Am 05.04.21 um 16:01 schrieb ZheNing Hu via GitGitGadget:
> From: ZheNing Hu <adlternative@gmail.com>
>
> When we use `git for-each-ref`, every ref will call
> `show_ref_array_item()` and allocate its own final strbuf
> and error strbuf. Instead, we can provide two single strbuf:
> final_buf and error_buf that get reused for each output.
>
> When run it 100 times:
>
> $ git for-each-ref
>
> on git.git :
>
> 3.19s user
> 3.88s system
> 35% cpu
> 20.199 total
>
> to:
>
> 2.89s user
> 4.00s system
> 34% cpu
> 19.741 total
>
> The performance has been slightly improved.

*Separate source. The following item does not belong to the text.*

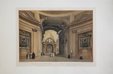 Veduta tratta dalla monumentale opera di Felix Benoist ' Rome dans sa grandeur. Vues, monument ancient et modernes ' stampata a Parigi in 3 volumi, da Henri Charpentier, nel 1870. La pubblicazione, illustrata da 100 litografie, fu preceduta da una campagna di disegni preparatori, a far data dal 1864 sino al 1869, eseguita soprattutto da Félix Benoist e in parte da Philippe Benoist. Alla vigilia del Concilio Ecumenico Vaticano I, l’11 agosto 1869, Pio IX decretava la realizzazione di una ' Esposizione romana delle opere d’ogni arte eseguite per il culto cattolico, che venne inaugurata, il 17 febbraio 1870, nel chiostro della Certosa di Santa Maria degli Angeli. In quell’occasione, vennero presentati i tre volumi in folio ' Rome dans sa grandeur. I volumi, rilegati in modo sfarzoso, con impresso al centro in oro, lo stemma di Pio IX, sono suddivisi in tre sezioni. Il primo volume tratta di ' Roma antica, il secondo, di ' Roma cristiana, ed il terzo, dei monumenti e le realizzazioni della ' Roma moderna. Una visione preziosa della Roma papale alla vigilia della profonda trasformazione di Roma in capitale dell’Italia unita. Un documento che evidenzia la notevole impronta lasciata da Pio IX nella Città Eterna. L’opera rappresenta il capolavoro dell’artista francese, dove ogni veduta è realizzata in litografia tinta, processo ottenuto usando un diverso numero di pietre. Il risultato è un’opera di grande effetto, tanto da porre il Benoist tra la schiera dei più grandi artisti di interni e vedute del suo tempo. Litografia tinta, finemente colorata a mano, in ottimo stato di conservazione. View taken from the monumental work of Felix Benoist ' Rome dans sa grandeur. Vues, monument ancient et modernes ' printed in Paris in 3 volumes, by Henri Charpentier, in 1870. The publication, illustrated by 100 lithographs, was preceded by a campaign of preparatory drawings, from 1864 to 1869, executed mainly by Felix Benoist and partly by Philippe Benoist. On the eve of the First Vatican Ecumenical Council, August 11, 1869, Pius IX decreed the creation of the ' Esposizione romana delle opere d’ogni arte eseguite per il culto cattolico ' (a Roman Exhibition of the works of art created for Catholic worship), which was inaugurated on February 17, 1870, in the cloister of the Charterhouse of Santa Maria degli Angeli. On that occasion, the three volumes in folio ' Rome dans sa grandeur ' were presented. The volumes, magnificently bound, with the coat of arms of Pius IX stamped in gold in the center, are divided into three sections. The first volume deals with ancient Rome, the second with “Christian” Rome, and the third with the monuments and achievements of modern Rome. A precious vision of papal Rome on the eve of the profound transformation of Rome into the capital of united Italy. A document that highlights the remarkable imprint left by Pius IX in the Eternal City. The work represents the masterpiece of the French artist, where each view is made in tinted lithography, a process achieved by using a different number of stones. The result is a work of great effect, so much so as to place Benoist among the ranks of the greatest artists of interiors and views of his time. Tinted lithograph, finely hand-colored, in excellent condition. Cfr.

I like to use hyperfine (https://github.com/sharkdp/hyperfine) to get
more stable benchmark numbers, incl. standard deviation.  With three
warmup runs I get the following results for running git for-each-ref on
Git's own repo with the current master (2e36527f23):

  Benchmark #1: ./git for-each-ref
    Time (mean ± σ):      18.8 ms ±   0.3 ms    [User: 12.7 ms, System: 5.6 ms]
    Range (min … max):    18.2 ms …  19.8 ms    148 runs

With your patch on top I get this:

  Benchmark #1: ./git for-each-ref
    Time (mean ± σ):      18.5 ms ±   0.4 ms    [User: 12.3 ms, System: 5.6 ms]
    Range (min … max):    17.8 ms …  19.6 ms    147 runs

So there seems to be a slight improvement here, but it is within the
noise.

I'm quite surprised how much longer this takes on your machine, however,
and (like Peff already mentioned) how much of the total time it spends
in system calls.  Is an antivirus program or similar interferring?  Or
some kind of emulator or similar, e.g. Valgrind?  Or has it been a long
time since you ran "git gc"?

The benchmark certainly depends on the number of local and remote
branches in the repo; my copy currently has 4304 according to
"git for-each-ref | wc -l".

>
> Signed-off-by: ZheNing Hu <adlternative@gmail.com>
> ---
>     [GSOC] ref-filter: use single strbuf for all output
>
>     This patch learned Jeff King's optimization measures in git
>     cat-file(79ed0a5): using a single strbuf for all objects output Instead
>     of allocating a large number of small strbuf for every object.
>
>     So ref-filter can learn same thing: use single buffer: final_buf and
>     error_buf for all refs output.
>
>     Thanks.
>
> Published-As: https://github.com/gitgitgadget/git/releases/tag/pr-927%2Fadlternative%2Fref-filter-single-buf-v1
> Fetch-It-Via: git fetch https://github.com/gitgitgadget/git pr-927/adlternative/ref-filter-single-buf-v1
> Pull-Request: https://github.com/gitgitgadget/git/pull/927
>
>  builtin/for-each-ref.c |  4 +++-
>  builtin/tag.c          |  4 +++-
>  ref-filter.c           | 21 ++++++++++++---------
>  ref-filter.h           |  5 ++++-
>  4 files changed, 22 insertions(+), 12 deletions(-)
>
> diff --git a/builtin/for-each-ref.c b/builtin/for-each-ref.c
> index cb9c81a04606..9dc41f48bfa0 100644
> --- a/builtin/for-each-ref.c
> +++ b/builtin/for-each-ref.c
> @@ -22,6 +22,8 @@ int cmd_for_each_ref(int argc, const char **argv, const char *prefix)
>  	struct ref_array array;
>  	struct ref_filter filter;
>  	struct ref_format format = REF_FORMAT_INIT;
> +	struct strbuf final_buf = STRBUF_INIT;
> +	struct strbuf error_buf = STRBUF_INIT;
>
>  	struct option opts[] = {
>  		OPT_BIT('s', "shell", &format.quote_style,
> @@ -81,7 +83,7 @@ int cmd_for_each_ref(int argc, const char **argv, const char *prefix)
>  	if (!maxcount || array.nr < maxcount)
>  		maxcount = array.nr;
>  	for (i = 0; i < maxcount; i++)
> -		show_ref_array_item(array.items[i], &format);
> +		show_ref_array_item(array.items[i], &format, &final_buf, &error_buf);

This user of show_ref_array_item() calls it in a loop on an array.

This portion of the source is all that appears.